■ WORK TO COMPLETE:
Scan the records for lines with the word "could", and copy every such line.

■ INPUT:
════
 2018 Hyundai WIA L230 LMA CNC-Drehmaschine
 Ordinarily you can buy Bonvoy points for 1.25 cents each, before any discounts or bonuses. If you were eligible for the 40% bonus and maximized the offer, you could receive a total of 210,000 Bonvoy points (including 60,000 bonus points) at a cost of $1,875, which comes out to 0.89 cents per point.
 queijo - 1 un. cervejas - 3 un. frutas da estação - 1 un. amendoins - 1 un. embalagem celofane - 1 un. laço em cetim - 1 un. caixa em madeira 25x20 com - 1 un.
════
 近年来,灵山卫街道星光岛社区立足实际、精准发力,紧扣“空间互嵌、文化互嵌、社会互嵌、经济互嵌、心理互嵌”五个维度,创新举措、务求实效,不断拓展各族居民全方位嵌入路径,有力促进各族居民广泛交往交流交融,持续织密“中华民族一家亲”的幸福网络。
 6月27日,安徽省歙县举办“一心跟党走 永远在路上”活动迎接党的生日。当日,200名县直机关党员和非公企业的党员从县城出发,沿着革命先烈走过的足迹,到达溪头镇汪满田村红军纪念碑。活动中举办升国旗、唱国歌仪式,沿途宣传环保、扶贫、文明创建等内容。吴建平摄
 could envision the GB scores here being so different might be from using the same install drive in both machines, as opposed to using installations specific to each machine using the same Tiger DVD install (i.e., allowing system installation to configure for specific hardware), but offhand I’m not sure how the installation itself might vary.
════
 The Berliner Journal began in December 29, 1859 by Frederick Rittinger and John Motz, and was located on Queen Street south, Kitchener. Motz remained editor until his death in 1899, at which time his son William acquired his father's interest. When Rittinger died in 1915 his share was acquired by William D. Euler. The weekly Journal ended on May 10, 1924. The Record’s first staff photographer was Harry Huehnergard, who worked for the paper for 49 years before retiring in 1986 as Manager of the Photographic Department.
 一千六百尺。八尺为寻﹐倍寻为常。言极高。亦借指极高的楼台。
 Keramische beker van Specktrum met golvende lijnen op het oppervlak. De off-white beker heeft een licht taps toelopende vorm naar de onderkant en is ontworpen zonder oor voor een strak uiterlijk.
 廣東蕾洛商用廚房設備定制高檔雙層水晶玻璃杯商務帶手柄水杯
════
■ SOLUTION TO THIS TASK:
 Ordinarily you can buy Bonvoy points for 1.25 cents each, before any discounts or bonuses. If you were eligible for the 40% bonus and maximized the offer, you could receive a total of 210,000 Bonvoy points (including 60,000 bonus points) at a cost of $1,875, which comes out to 0.89 cents per point.
 could envision the GB scores here being so different might be from using the same install drive in both machines, as opposed to using installations specific to each machine using the same Tiger DVD install (i.e., allowing system installation to configure for specific hardware), but offhand I’m not sure how the installation itself might vary.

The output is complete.